For this exercise, copy exactly the lines below from the one with "(서울=포커스뉴스) 28일 오전" through the one with "말도 안되는 문제정의야." and leave out the pictures.

*** Opening SUPPLIED ENTRIES ***

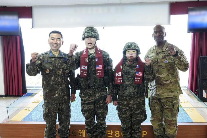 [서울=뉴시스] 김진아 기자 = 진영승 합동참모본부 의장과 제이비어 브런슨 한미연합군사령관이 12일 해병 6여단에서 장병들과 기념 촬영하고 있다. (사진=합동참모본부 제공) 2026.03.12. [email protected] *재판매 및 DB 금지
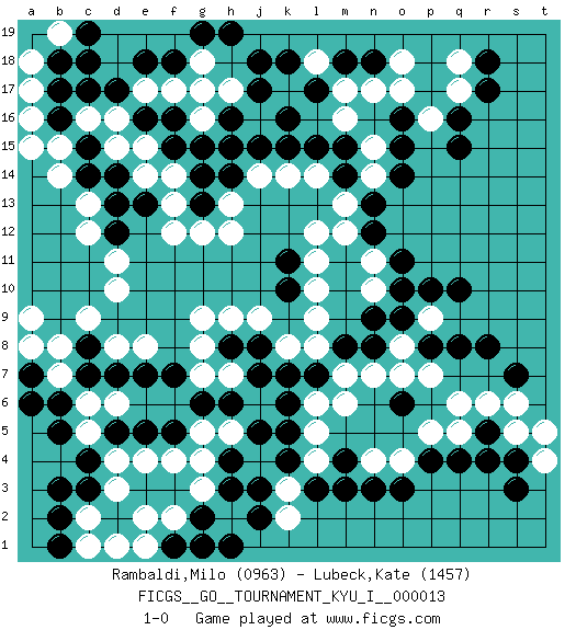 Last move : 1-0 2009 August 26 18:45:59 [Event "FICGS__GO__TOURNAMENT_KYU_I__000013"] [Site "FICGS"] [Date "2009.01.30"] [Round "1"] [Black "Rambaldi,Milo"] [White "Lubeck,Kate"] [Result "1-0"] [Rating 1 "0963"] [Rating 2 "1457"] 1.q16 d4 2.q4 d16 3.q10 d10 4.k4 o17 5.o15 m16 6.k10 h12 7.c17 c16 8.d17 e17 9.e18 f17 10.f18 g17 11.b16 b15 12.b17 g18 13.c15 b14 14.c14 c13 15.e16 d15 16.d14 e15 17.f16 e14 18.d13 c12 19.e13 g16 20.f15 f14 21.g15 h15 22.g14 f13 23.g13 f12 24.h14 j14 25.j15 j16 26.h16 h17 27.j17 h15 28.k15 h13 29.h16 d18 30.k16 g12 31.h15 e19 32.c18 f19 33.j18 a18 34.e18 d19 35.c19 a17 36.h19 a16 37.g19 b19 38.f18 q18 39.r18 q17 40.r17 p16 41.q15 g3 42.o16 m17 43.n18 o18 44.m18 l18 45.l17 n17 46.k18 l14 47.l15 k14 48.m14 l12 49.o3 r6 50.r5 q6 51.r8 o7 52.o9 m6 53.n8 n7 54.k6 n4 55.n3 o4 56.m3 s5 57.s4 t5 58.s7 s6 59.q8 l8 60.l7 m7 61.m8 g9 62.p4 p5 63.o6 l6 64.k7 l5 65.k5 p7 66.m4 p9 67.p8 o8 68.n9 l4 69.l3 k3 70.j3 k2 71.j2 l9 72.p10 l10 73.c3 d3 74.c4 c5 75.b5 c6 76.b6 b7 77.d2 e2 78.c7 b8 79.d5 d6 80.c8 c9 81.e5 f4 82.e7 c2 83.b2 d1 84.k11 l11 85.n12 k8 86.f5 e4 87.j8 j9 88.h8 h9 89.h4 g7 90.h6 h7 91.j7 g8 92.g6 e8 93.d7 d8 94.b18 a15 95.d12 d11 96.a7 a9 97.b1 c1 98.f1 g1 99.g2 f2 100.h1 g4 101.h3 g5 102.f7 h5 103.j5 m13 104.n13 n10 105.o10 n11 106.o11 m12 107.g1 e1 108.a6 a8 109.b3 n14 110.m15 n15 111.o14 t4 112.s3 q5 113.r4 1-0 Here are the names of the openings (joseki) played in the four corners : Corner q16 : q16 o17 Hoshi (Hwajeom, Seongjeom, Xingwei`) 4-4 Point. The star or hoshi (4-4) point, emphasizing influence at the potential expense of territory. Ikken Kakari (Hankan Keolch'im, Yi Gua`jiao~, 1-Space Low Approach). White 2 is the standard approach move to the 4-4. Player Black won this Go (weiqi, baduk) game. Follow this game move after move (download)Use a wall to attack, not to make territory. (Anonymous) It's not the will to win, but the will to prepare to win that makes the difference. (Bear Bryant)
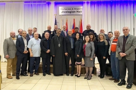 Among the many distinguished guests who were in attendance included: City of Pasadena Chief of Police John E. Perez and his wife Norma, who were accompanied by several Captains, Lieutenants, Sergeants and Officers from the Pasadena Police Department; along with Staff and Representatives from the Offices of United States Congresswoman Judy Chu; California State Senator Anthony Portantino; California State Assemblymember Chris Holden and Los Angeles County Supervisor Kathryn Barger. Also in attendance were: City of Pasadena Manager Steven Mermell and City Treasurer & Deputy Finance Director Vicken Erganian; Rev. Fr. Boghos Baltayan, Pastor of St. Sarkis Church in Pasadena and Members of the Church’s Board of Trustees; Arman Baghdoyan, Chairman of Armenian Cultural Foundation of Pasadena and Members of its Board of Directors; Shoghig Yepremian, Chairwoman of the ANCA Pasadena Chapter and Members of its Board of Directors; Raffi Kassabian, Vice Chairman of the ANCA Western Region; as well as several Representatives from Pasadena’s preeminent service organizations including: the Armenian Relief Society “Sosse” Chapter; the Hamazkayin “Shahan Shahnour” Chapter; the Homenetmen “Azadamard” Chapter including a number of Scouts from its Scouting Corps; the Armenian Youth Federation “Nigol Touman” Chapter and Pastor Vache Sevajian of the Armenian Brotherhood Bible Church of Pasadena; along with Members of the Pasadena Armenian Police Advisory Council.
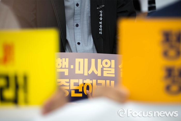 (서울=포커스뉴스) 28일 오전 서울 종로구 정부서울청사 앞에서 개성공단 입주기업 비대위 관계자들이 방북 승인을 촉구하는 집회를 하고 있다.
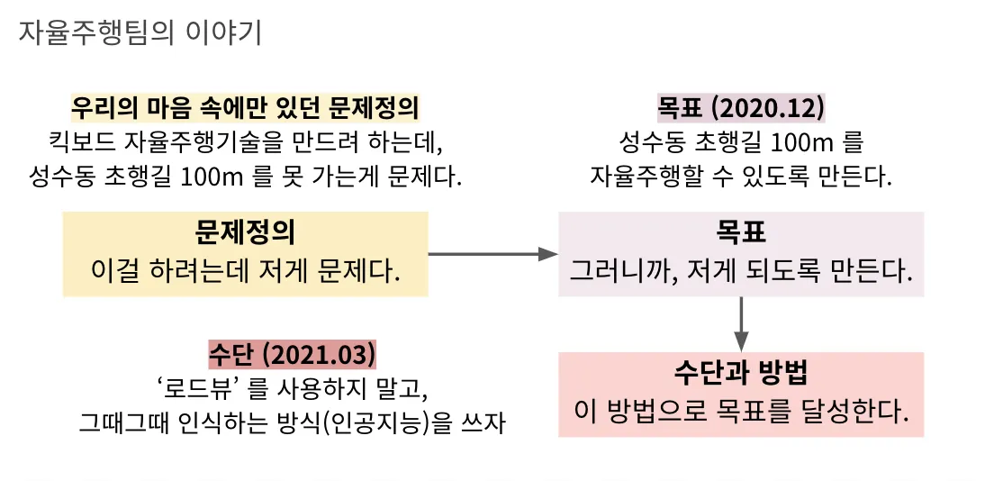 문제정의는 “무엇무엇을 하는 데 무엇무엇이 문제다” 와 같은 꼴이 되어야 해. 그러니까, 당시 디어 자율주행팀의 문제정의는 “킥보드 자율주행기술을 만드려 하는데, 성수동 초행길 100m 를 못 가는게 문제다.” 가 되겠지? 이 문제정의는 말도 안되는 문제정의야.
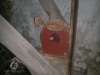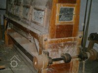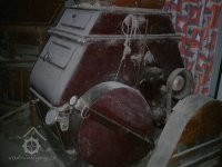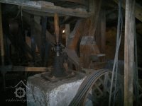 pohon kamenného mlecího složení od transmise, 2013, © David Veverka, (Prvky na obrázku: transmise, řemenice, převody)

*** Closing SUPPLIED ENTRIES ***

- EXERCISE RESPONSE -
 (서울=포커스뉴스) 28일 오전 서울 종로구 정부서울청사 앞에서 개성공단 입주기업 비대위 관계자들이 방북 승인을 촉구하는 집회를 하고 있다.
 문제정의는 “무엇무엇을 하는 데 무엇무엇이 문제다” 와 같은 꼴이 되어야 해. 그러니까, 당시 디어 자율주행팀의 문제정의는 “킥보드 자율주행기술을 만드려 하는데, 성수동 초행길 100m 를 못 가는게 문제다.” 가 되겠지? 이 문제정의는 말도 안되는 문제정의야.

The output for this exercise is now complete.